= Single-pair high-speed digital subscriber line =

Single-pair high-speed digital subscriber line (SHDSL) is a form of symmetric digital subscriber line (SDSL), a data communications technology for equal transmit and receive (i.e. symmetric) data rate over copper telephone lines, faster than a conventional voiceband modem can provide. As opposed to other DSL technologies, SHDSL employs trellis-coded pulse-amplitude modulation (TC-PAM). As a baseband transmission scheme, TC-PAM operates at frequencies that include those used by the analog voice plain old telephone service (POTS). As such, a frequency splitter, or DSL filter, cannot be used to allow a telephone line to be shared by both an SHDSL service and a POTS service at the same time. Support of symmetric data rates made SHDSL a popular choice by businesses for private branch exchange (PBX), virtual private network (VPN), web hosting and other data services.

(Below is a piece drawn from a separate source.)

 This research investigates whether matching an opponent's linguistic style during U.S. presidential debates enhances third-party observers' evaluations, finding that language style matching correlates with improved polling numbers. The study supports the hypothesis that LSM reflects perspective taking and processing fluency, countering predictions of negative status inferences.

SHDSL features symmetrical data rates in both the upstream and downstream directions, from 192 kbit/s to 2,312 kbit/s of payload in 8 kbit/s increments for one pair and 384 kbit/s to 4,624 kbit/s in 16 kbit/s increments for two pairs of wires. The reach varies according to the loop rate and noise conditions (more noise or higher rate means decreased reach) and may be up to 3,000 meters. The two pair feature may alternatively be used for increased reach applications by keeping the data rate low. Halving the data rate per pair will provide similar speeds to single pair lines while increasing the error/noise tolerance.

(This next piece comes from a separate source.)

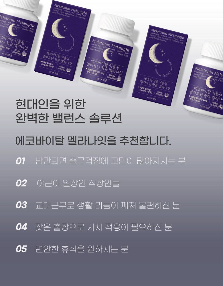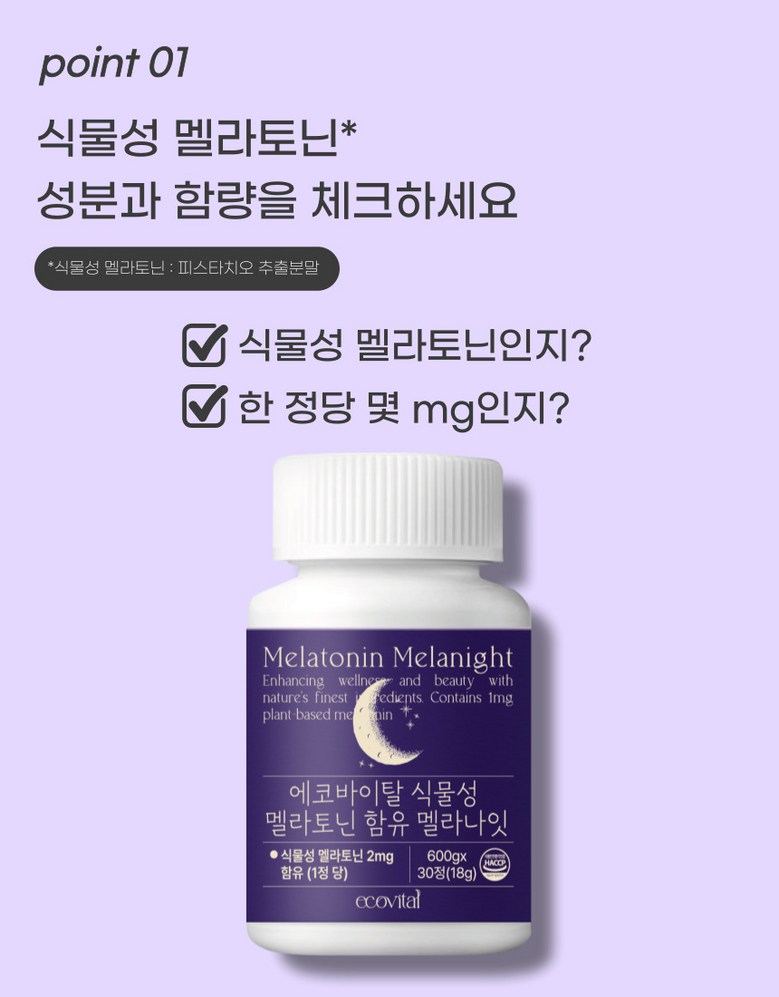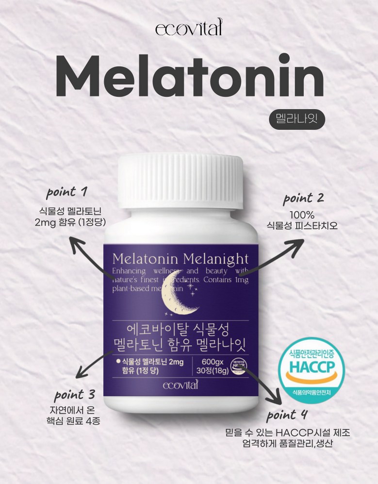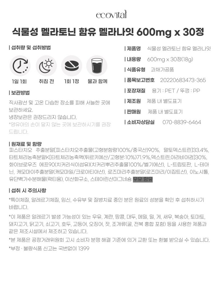 | 제품명 | 에코바이탈 식물성 멜라토닌 함유 멜라나잇 | 식품의 유형 | 과채가공품 |

With the 32-TC-PAM modulation scheme described in Annexes F and G, symmetric data rates of up to 5,696 kbit/s are permitted on one pair in the optional extended SHDSL mode. Up to four pairs of wires may be bonded using M-pair bonding to produce data rates as high as M5,696 kbit/s. By using four bonded wire pairs, a single SHDSL interface can transmit up to 22,784 kbit/s.

The SHDSL payload may be either 'clear channel' (unstructured), T1 or E1 (full rate or fractional), multiple ISDN Basic Rate Interface (BRI), Asynchronous Transfer Mode (ATM) cells or Ethernet packets. A 'dual bearer' mode allows a mixture of two separate streams (e.g. T1 and ATM) to share the SHDSL bandwidth.

==SHDSL standards==

The industry standard for SHDSL is defined by ITU-T recommendation G.991.2. This was first published in February 2001. SHDSL equipment is also known by the standard's draft name of G.SHDSL. Major updates to G.991.2 were released in December 2003. Equipment conforming to the 2003 version of G.991.2 is often referred to by the standard's draft name of G.SHDSL.bis or just SHDSL.bis. The updated G.991.2 features:
- Optional support for up to four copper pair connections (M-pair)
- Optional extensions to allow user data rates up to 5696 kbit/s per pair, described in Annexes F and G
- Optional support for dynamic rate repartitioning, allowing flexible change of the SHDSL data rate without service interruption, described in Annex E.10.3
- New payload definitions including Ethernet packet transfer mode (PTM), described in Annex E.11

SHDSL supersedes the older HDSL symmetric DSL technology defined in ITU-T G.991.1. SHDSL has largely been replaced by VDSL2 because of greater bandwidth, less interference and greater utilization.

In Europe, a variant of SHDSL was standardized by the European Telecommunications Standards Institute (ETSI) using the name 'SDSL'. This ETSI variant is compatible with the ITU-T SHDSL standardized regional variant for Europe and must not be confused with the usage of the term SDSL in North America to refer to symmetric digital subscriber line.